4:03: Derrick Harvey. Ok, I’m officially at the point where I don’t have too much opinion on guys. Mel Kiper doesn’t like the pick. That’s good enough for me. Berman questioned Kiper’s Big Board. He did not take that well.
4:15: Jets fans boo the Patriots pick. We’re all about losing the war but winning minor battles.
4:17: I’ve finally figured out Keyshawn’s outfit. In the words of Barry Pepper in The 25th Hour, “Do the ladies tell you to look like an optical illusion?”
4:21: Leodis McKelvin gets picked by Buffalo. With McFadden, us Micks are doing well in this draft. Wait, they’re not really Irish?
4:22: For some reason, they’re playing “Rocky Mountain High”. That John Denver, he’s full of shit.
4:22: Let’s hope Jonathan Stewart can get out of his contract from the Daily Show and fix his toe so he can play for the Panthers.
4:34: Anyone else excited for E:60 talking to Mike Tyson? Pretty much anything Mike Tyson is involved in I will want to watch. In fact, let’s go to youtube and start looking for Mike Tyson stuff since I’m done watching McFadden on youtube.
4:39: If we’re going to go on a run of tackles, I might be passing out sooner than I though.
4:41: Wait, Sal Palantonio has been around the Eagles a lot in the past few months? You’re kidding me. Anyway, the Lions are up and not one WR has been selected yet.

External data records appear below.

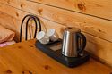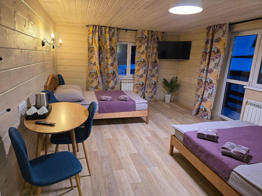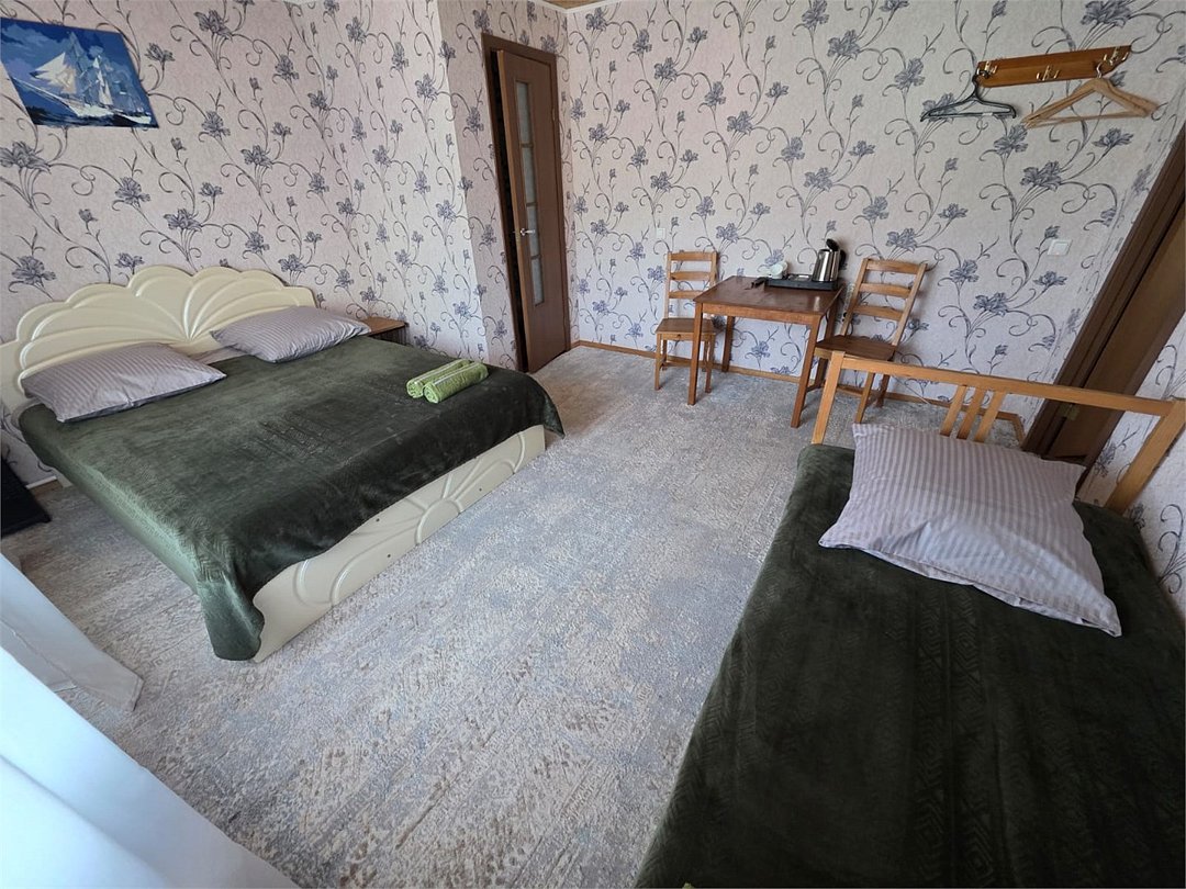 Номер в отапливаемом гостевом доме. Двуспальная и односпальная кровати, телевизор, чайник, стол, с/у с душем.
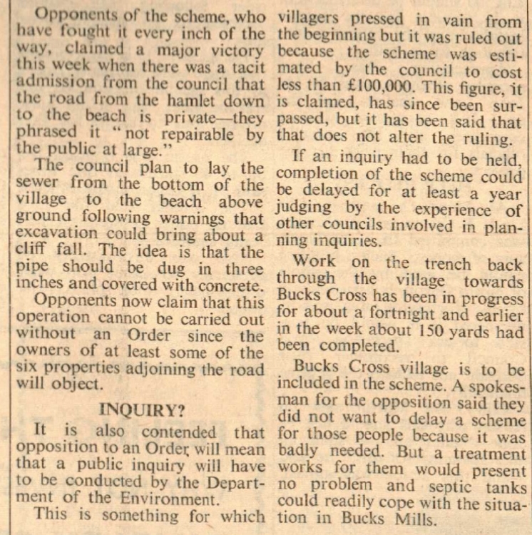 The battle of beauty spot Bucks Mills has taken a new turn. Local people who are fighting Bideford Rural Council’s plan to pour crude sewage into the sea there have asked Mr Peter Mills, MP, to lay the whole matter before the Ombudsman.
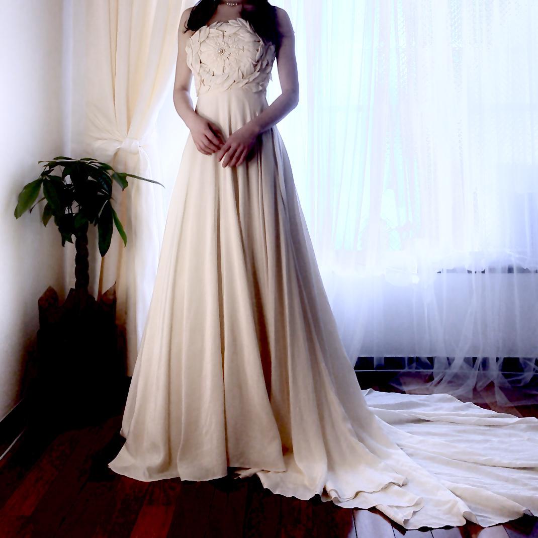 生地の柔らかさ、風合いを生かした手仕事のバイアスカットされたペタル(葉っぱ、花びら)が幾十にも重なり合うドレスは、ナチュラル、シンプル、モダンとコーディネイト次第で様々なイメージを表現します。 流れるようなナチュラルなAラインシルエットが、優美なラインを醸し出し、バックに向かってトレーンのように流れます。
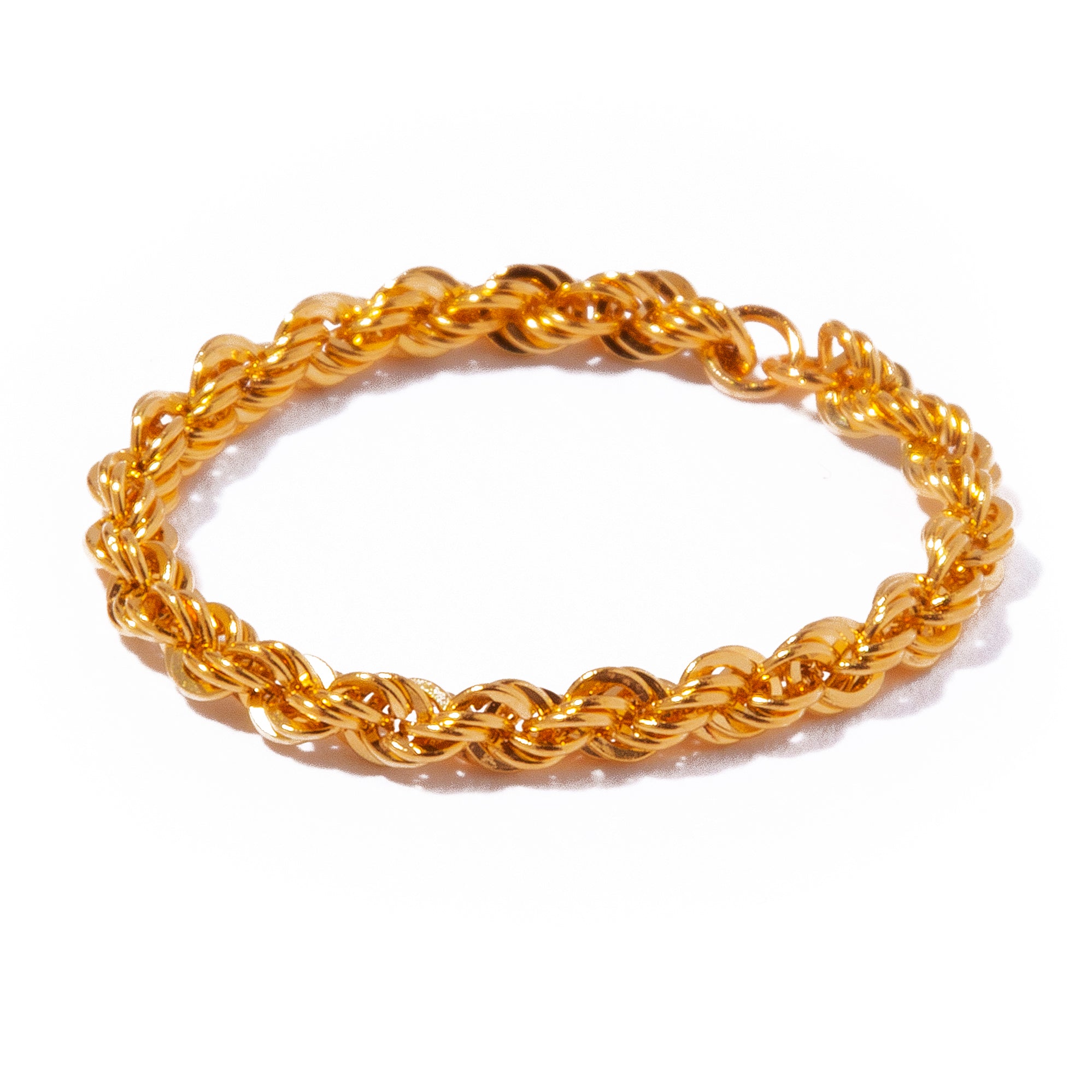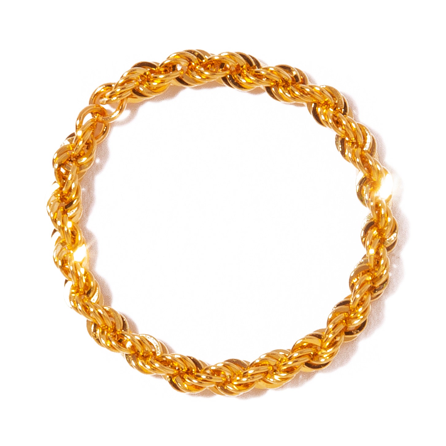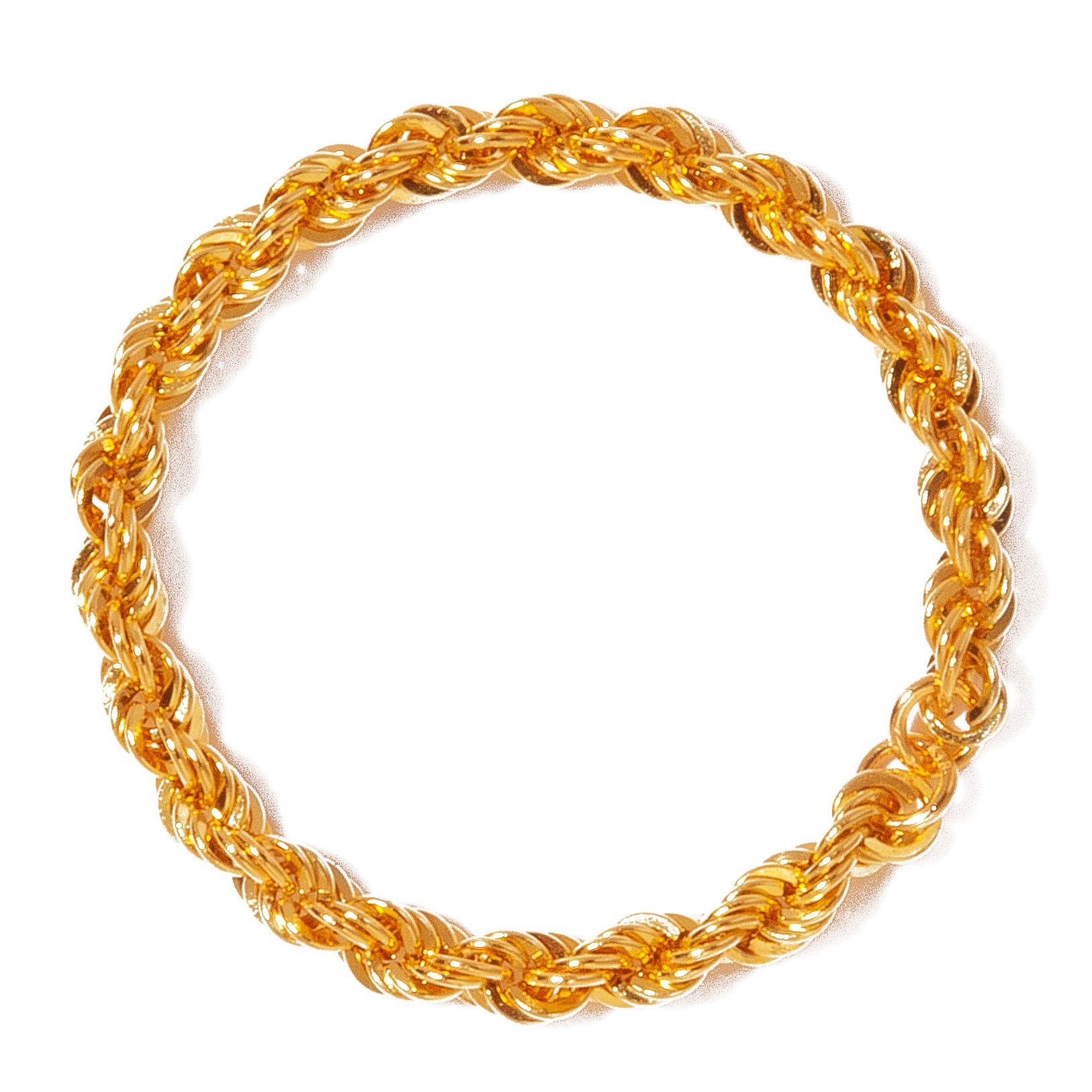 複雑にチェーンが絡み合ったデザインは、力強く輝くイエローゴールドの色味と相まって、エネルギッシュでリュクスな印象。

C’mon Devin Thomas.
4:47: Kansas City takes Branden Albert, another offensive lineman.
5:00: Gosder Cherilus? Who the fuck is that? That’s really someone’s name?
5:01: If you can’t tell, this episode has been losing steam for awhile. I’m just trying to get through the Washington, Dallas, Pittsburgh picks.
5:04: Ummm…I’m assuming the girl next to Joe Flacco is his girlfriend. And she’s not that hot. If it’s his sister, I apologize.
5:10: Uh oh, Philly is on the clock. Cue Rocky music. Booing will ensue.
5:11: “Yes, Andy Reid can jump.” First funny thing Berman has said all day. Philly trades down.
5:13: Another tackle? This draft sucks.
5:15: Keyshawn and Steve Young get into an argument while Goddell introduces our armed forces and ESPN doesn’t cut them off. Classy, ESPN.
5:32: The Redskins traded their pick? I’m not ready for a conservative Dan Snyder.
5:41: Jerry Jones taking Felix Jones was the most predictable thing in this draft so far.
I’m not really sure what happened after 5:41. I think I went to take a nap but didn’t fall asleep. I was still pissed about the Gholston pick that I decided, “Hey, continuing drinking sounds like a good idea.” And this ended with me in a cab at 3:30 in the morning with the cab driver telling me how he goes to Romania every year to pick up hookers for $30. Yup, that seems about right for me.